I have a brother who is nearly 40, living at home, and owes my folks upwards of $35k in legal fees from a nasty divorce and custody battle that he has turned his rights over in. He is constantly buying my parents wine and chocolates and other gifts they have neither want nor need for rather than just forking over the cash, or better yet, just getting his own place!!! He recently gave me $50 for my son’s savings which I’m honestly contemplating giving to my folks. He is always wanting to buy stuff for me or my son and I am to the point where I am fully prepared to tell him to make an ‘offering’ to mom and dad in my ‘honor.’ I am getting the feeling that all this gift-giving has little to do w/ the wants or need of the recipient, and more to do w/ his need to feel fulfilled as a provider or do-gooder of some sort.
Recently, he and his gf pretty much invited themselves to crash at my home for a night - they live 3 hrs from here. They wanted to treat my husband and I to dinner for our anniversary the weekend before. I never offered my place b/c we literally have no room - we are newlyweds in our first home. So he slept on the floor in the office, she on the floor of the nursery. And neither of them is shy about voicing their disgruntles as much as they pride themselves on being cheery good Catholics. So I got to hear them complain about my hard floors the next morning. Nevermind I’m overly sensitive b/c of my raging hormones during this pregnancy and the fact that I had unwanted houseguests who generally annoy the living daylights out of me.
I didn’t make a continental breakfast b/c I thought they were just going to get up and go in the morning and we were a little strapped anyway, we ended up treating them to dinner.

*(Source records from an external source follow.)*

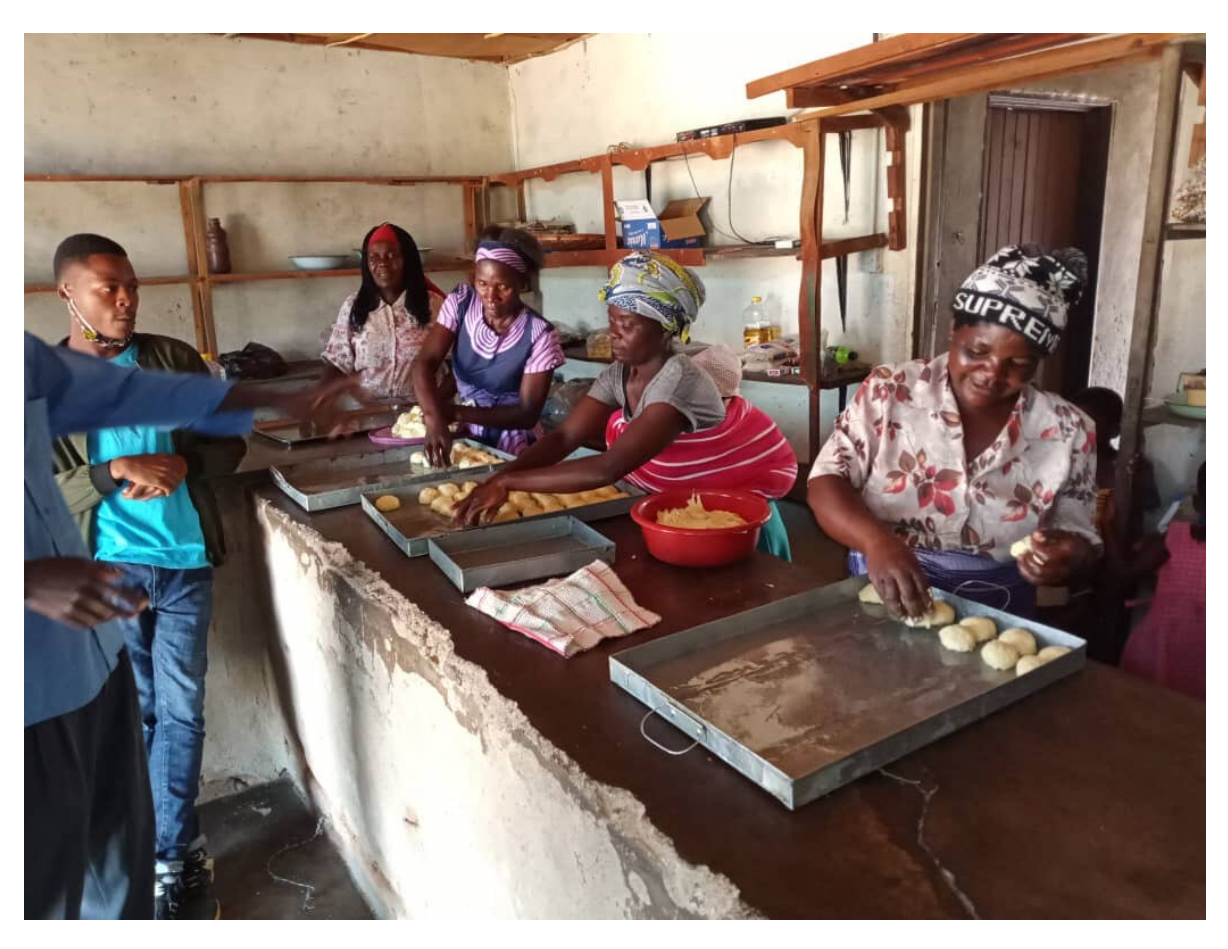
Bun baking initiative started within CKT group, sold for income.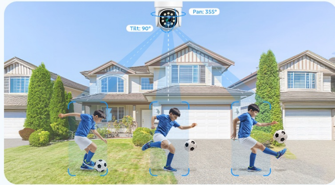
Image: Illustration of the camera's 355° pan and 90° tilt capabilities, highlighting its wide surveillance coverage.

CAMCAMP dome camera features with 355° pan and 90° tilt adjustment to continuously lock moving person, to ensure that no one is missed.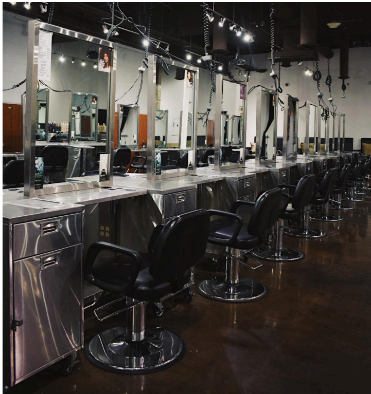
Aveda Institute Las Vegas Student Cosmetology Clinic Floor

Students are introduced to prospective employers during career fairs and learn interviewing skills and other social skills required in the beauty and wellness fields.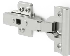
120° soft-close european hinge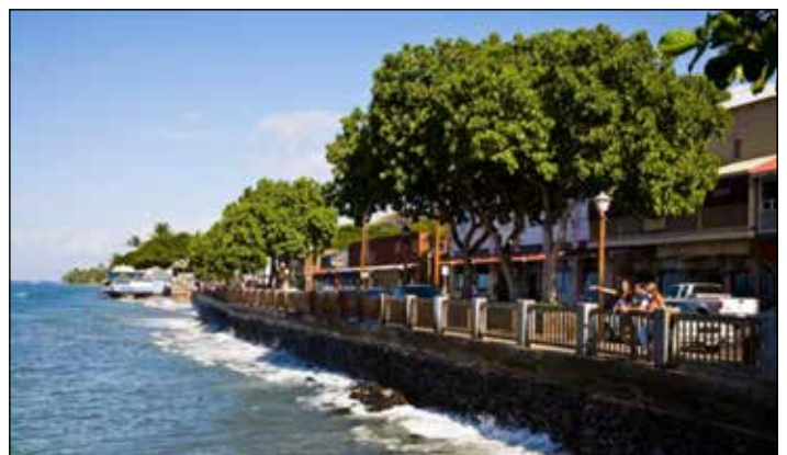
Historic Front Street in Lahaina, Maui before the fire.

Mahalo for your gracious support, preserving the legacies that are foundational to our lives.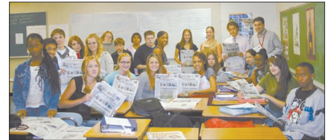
Journalism students at Glasgow High School will work with professional mentors from the Wilmington News Journal this year, and GHS is one of only 43 high schools in the country to be selected for this opportunity.

Journalism students at Glasgow High School will have the opportunity to work with professional mentors from the Wilmington News Journal this year, as part of a $3,000 grant awarded to GHS by the American Society of Newspaper Editors Foundation. Glasgow is one of only 43 schools in the country to receive this grant and participate in the partnership with a local newspaper. This is also the first time that the News-Journal has participated in the program.

So then I had to hear how disappointed they were b/c they were looking forward to a big bang breakfast! How rude! Not to mention that he brought up that mom ‘suggested’ that he and his gf get a hotel room so they wouldn’t be a burden to us - I had confided in her earlier in the week, but he really should have just kept that to himself, or taken her advice!
That day, my brother’s gf bought a table that she didn’t have room in her car to transport, so I have the privelage of using my lunch hour to go pick it up and house it until they can make arrangements to take it home. I should have never offered to help!!!

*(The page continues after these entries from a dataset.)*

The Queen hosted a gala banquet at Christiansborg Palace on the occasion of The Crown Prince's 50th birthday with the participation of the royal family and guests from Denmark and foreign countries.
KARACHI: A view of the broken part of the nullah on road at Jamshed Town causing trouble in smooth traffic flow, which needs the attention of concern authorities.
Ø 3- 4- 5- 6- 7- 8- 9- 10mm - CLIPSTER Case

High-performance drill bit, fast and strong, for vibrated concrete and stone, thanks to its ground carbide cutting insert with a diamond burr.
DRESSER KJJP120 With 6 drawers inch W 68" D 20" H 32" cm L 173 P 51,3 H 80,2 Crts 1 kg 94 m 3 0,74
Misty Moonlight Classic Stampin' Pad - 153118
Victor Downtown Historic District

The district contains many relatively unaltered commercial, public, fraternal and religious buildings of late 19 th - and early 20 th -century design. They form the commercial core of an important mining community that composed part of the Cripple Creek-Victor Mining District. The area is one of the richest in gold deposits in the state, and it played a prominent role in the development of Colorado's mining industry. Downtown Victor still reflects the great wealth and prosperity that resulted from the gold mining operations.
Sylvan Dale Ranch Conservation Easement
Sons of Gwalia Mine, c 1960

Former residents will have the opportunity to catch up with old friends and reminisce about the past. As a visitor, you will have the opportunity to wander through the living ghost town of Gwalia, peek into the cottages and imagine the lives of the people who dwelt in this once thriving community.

The following weekend, I can’t remember how many times my brother drilled me about what my plans were for the weekend and how many times I told him that mom and I were just gonna dawdle and I’d look him up afterwards. Every trip it seems we just kind of hit the same spots or hang around the house. After driving 3 hrs one way w/ a little one and only getting to stay for a couple of days, you have little energy for much else. But he swore that since we had a longer visit this time, that we should really get out and do stuff. That sounds jolly good, but there isn’t much I get excited about doing w/out mom and dad as a buffer between me and my overly-energetic and excitable brother and gf.

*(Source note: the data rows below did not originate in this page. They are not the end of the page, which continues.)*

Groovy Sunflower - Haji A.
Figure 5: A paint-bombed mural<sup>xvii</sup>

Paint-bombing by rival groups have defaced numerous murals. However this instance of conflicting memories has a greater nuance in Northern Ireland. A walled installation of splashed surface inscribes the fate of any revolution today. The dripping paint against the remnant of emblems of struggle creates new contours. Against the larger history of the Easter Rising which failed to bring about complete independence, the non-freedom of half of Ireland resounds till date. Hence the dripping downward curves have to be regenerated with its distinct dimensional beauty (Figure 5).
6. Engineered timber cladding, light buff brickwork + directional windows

He was in my face the minute I got there even tho it was late and perfectly clear that I just wanted to go to bed - he wants to have a pow-wow and plan away every waking second of my visit. He was there when I got up and we got dragged into breakfast, which might have been tolerable, but then his gf showed up. Every 5 minutes I’m getting the 3rd degree about what I want to do next. I’m thinking, breathe in, breathe out, maybe blink a couple of times - would that be alright w/ you? And my brother was stepping on my toes about what I allowed my son to have - such as a spoon or butter knife at the breakfast table. He even went so far as to take it away from my son and put it out of my reach so I couldn’t give it back to him! And then he was constantly trying to tear my son out of my arms and saying things like, ‘let your mom be.’
He offered time and time again to detail my car even thought I kept shooting him down. He even went so far as to make a deal that he’d clean my car if I gave him a pedicure (I am a non-practicing licensed cosmetologist and I have his gf a pedi once for her bday). I just told him that I wasn’t doing anybodys feet this weekend. Our last day there, as I’m waking from a mid-morning nap and getting out of the shower, mom hits me w/ her hair color that we’ve neglected. I oblige her, but then my brother’s gf comes over and asks if I’d have time to do hers too. I told her no, that we’re leaving in a half hour, mom’s hair isn’t done yet, and we still have to eat lunch and pack up.
Good grief!!! How do I shake/deal w/ these people? As long as he lives under my folks’ house, I will not have a moment’s peace just w/ my folks. Possibly I could get my mom to ask him to just ‘be gone’ when I come to visit. Or tell me when he’s gonna be at work for the weekend so I can come for a visit. He and his gf are there every waking and departing moment!!!